Work instruction>
When you reach the line containing "值得一提的是,据薪资专家Ma" in the entries below, start writing out each line exactly, and stop after the line containing "Продается 2-комнатная квартира".

Extracted entries>
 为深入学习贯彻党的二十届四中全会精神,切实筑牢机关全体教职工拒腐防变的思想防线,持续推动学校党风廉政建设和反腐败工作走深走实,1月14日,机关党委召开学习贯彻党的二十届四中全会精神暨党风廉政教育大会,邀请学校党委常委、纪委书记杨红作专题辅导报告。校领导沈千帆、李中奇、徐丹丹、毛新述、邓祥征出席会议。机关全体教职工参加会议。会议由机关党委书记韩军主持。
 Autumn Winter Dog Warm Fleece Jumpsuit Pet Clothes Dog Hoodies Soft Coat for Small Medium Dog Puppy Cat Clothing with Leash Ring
--
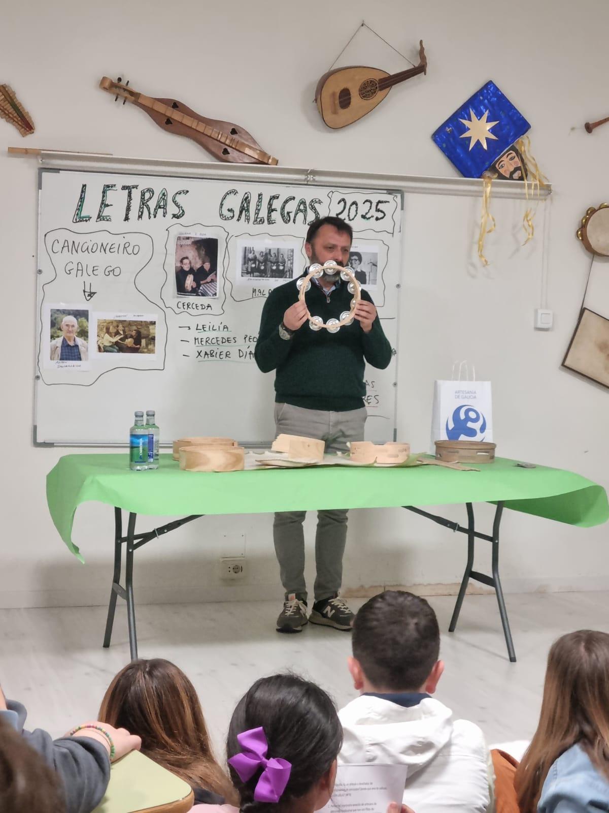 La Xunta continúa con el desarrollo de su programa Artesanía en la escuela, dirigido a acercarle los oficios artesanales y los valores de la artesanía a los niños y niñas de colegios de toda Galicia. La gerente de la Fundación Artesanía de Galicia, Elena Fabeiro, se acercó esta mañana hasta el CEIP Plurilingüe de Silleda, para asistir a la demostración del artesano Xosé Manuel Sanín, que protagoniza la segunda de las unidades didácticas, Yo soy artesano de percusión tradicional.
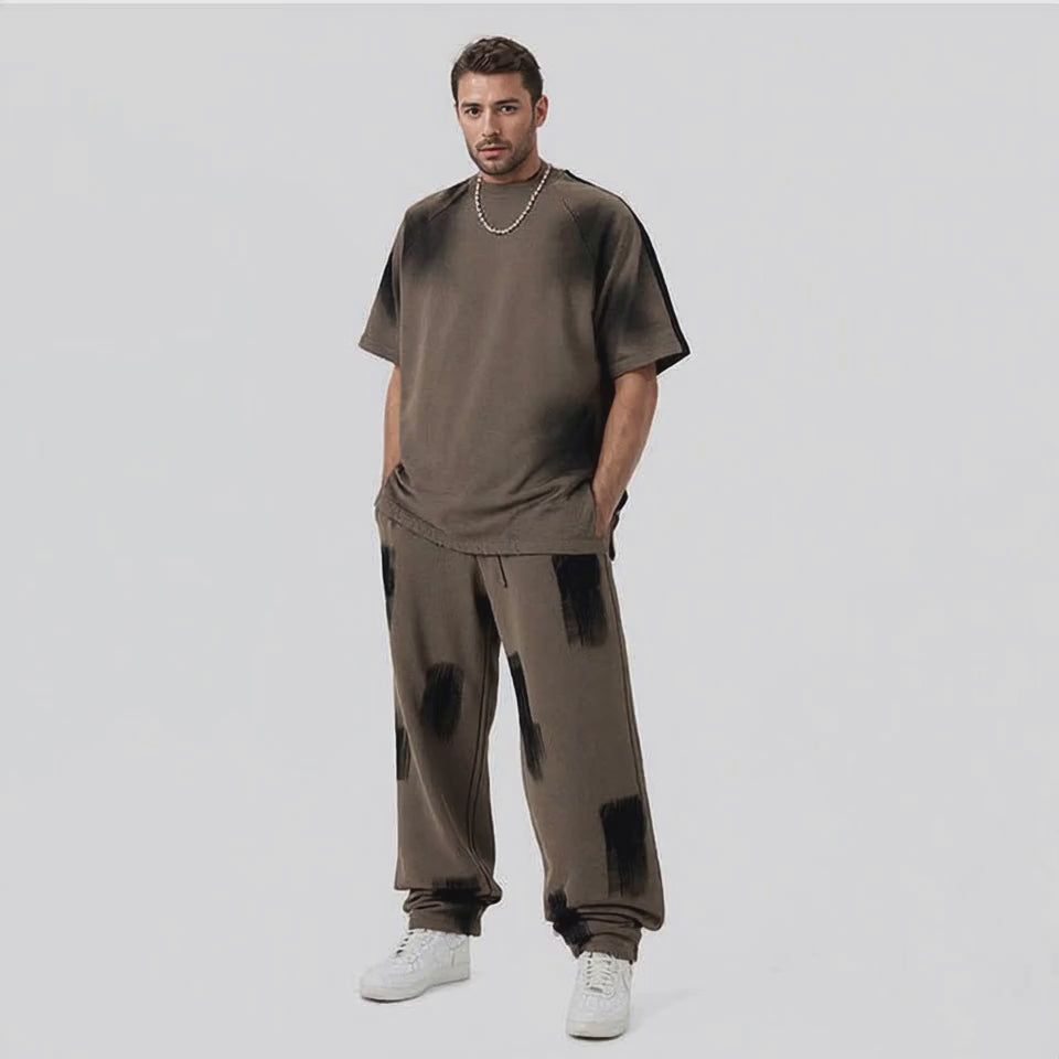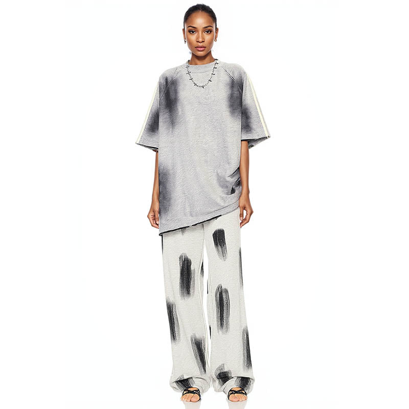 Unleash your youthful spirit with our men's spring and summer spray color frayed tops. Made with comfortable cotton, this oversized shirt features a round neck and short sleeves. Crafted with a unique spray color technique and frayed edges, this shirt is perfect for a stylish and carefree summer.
* * *
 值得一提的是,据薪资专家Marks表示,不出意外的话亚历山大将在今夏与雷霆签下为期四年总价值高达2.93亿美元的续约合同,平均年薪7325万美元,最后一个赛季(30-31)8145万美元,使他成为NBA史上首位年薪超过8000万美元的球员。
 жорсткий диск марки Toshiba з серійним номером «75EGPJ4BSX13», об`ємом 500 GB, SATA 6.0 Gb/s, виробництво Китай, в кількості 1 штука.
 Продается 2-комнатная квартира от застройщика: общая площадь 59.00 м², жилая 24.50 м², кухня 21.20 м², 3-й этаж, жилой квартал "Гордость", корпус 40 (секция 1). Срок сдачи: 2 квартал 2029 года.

Exercise output>
 值得一提的是,据薪资专家Marks表示,不出意外的话亚历山大将在今夏与雷霆签下为期四年总价值高达2.93亿美元的续约合同,平均年薪7325万美元,最后一个赛季(30-31)8145万美元,使他成为NBA史上首位年薪超过8000万美元的球员。
 жорсткий диск марки Toshiba з серійним номером «75EGPJ4BSX13», об`ємом 500 GB, SATA 6.0 Gb/s, виробництво Китай, в кількості 1 штука.
 Продается 2-комнатная квартира от застройщика: общая площадь 59.00 м², жилая 24.50 м², кухня 21.20 м², 3-й этаж, жилой квартал "Гордость", корпус 40 (секция 1). Срок сдачи: 2 квартал 2029 года.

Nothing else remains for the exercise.